Além das estradas de ferro que devoram as florestas, grande numero de fabricas não queima outro combustivel senão a lenha, e já não falo na que se consome nos fogões domesticos .

O lenhador vive folgamente, sem preoccupações -não tem o cuidado do lavrador que se alarma quando, no tempo da florada, o sol abraza ou grandes chuvas assolam; não lhe importa a geada, as larvas são-lhe indifferentes-sempre é tempo para destruir e o mercado é sempre lucrativo- um ferro de bom gume, o carro e quatro juntas de bois bastam ao que vae á floresta, e quem atravessa as estradas ouve monotonamente os golpes do machado, de repente um grito de aviso e logo o fracasso da queda d'arvore talhada.

Parece, entretanto, que já se vae sentindo a necessidade do replantio; os mesmos «fazedores de desertos» , como muito bem lhes chamou o dr.

Euclides da Cunha, começam a comprehender o mal que fizeram, mas não se atrevem a reparal-o, porque é mais difficil construir que destruir-emigram, talvez com remorsos, passam adeante, d'olhos compridos, consultando os horisontes rasos, e onde descobrem verduras frondosas, ahi ficam, afiam os ferros, armam ranchos e entram em exercicio.

Dizem-me que ha leis decretadas em favor das arvores, affirmam-me que o Congresso já se preoccupou com essas miseras autochtones mas, quem ha de fazer respeitar a lei? onde estão os nossos guardas florestaes , a nossa policia das mattas e dos campos ? ninguem os viu até hoje- o homem, que atravessa a trilha com a caçadeira e um cão, é um pobre matuto que vae bater a macéga ou o cerrado, vêr se levanta uma perdiz - as arvores não tem defensores.

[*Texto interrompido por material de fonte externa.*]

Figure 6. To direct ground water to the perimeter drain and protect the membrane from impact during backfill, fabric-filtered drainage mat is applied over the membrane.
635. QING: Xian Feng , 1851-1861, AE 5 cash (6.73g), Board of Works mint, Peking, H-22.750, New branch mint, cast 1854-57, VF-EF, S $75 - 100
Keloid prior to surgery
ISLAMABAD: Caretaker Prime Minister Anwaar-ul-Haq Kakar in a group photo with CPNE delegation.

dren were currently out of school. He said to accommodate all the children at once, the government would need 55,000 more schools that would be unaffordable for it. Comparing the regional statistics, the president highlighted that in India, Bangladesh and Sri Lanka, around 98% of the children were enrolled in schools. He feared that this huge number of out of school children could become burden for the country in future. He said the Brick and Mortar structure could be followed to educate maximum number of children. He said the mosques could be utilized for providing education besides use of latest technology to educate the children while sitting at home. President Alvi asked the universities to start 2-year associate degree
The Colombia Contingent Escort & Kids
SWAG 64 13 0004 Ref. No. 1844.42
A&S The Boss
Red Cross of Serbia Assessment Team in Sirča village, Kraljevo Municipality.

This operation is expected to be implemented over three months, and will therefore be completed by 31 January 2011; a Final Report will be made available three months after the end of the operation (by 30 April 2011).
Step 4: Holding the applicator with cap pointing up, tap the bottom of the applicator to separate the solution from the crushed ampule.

As municipalidades evitam, com esperta prudencia, a lucta-o fazendeiro declara que as mattas lhe pertencem, são seus bens, póde mandar destruil- as se assim lhe convier que lhe importa a manutenção dos mananciaes que abeberam a cidade ou villa ? a lenha é tão sua como o café e o milho, a cana e o feijão, o arroz, a batata e a mandioca que elle colhe e manda ao mercado, e o lenhador errante é um voto certo e será um terrivel capataz da opposição se a municipalidade lhe sahir ao encontro prohibindo-lhe a faina cruel.

E, dia a día, vão os bosques desapparecendo a região privilegiada e formosa das arvores será, em breve, mais arida e mais núa do que a Lybia esteril.

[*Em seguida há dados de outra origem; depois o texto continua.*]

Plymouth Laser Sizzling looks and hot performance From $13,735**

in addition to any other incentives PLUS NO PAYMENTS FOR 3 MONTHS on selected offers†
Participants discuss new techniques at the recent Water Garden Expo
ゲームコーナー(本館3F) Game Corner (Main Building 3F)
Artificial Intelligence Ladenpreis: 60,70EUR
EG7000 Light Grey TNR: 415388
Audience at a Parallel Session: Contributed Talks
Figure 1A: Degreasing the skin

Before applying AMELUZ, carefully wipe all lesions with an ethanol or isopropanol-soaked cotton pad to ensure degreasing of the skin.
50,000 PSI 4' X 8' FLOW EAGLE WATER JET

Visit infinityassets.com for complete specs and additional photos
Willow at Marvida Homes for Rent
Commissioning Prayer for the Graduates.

Os mais bellos especimens da nossa flora riquissima sómem-se reduzidos a cinzas e os animaes emigram, fogem: uns pela terra, outros pelos ares, buscando novos abrigos, e a terra alhanada, deserta, com uma hirsuta felpa de capins resequidos, estende-se, plana e solitaria, ao sol que a queima, cheia de cepos tostados, que são como fragmentos de columnas, restos de um fastigio morto, escombros de uma gloria extincta, ou cippos funeraes n'um extensissimo e aquecido cemiterio.

O arvoredo é o grande chimico de Deus.

Felizmente o alarma, que repercute em todo Estado, vae despertando a attenção dos que ainda se interessam pela sorte d'esta terra formosa e rica e desgraçada.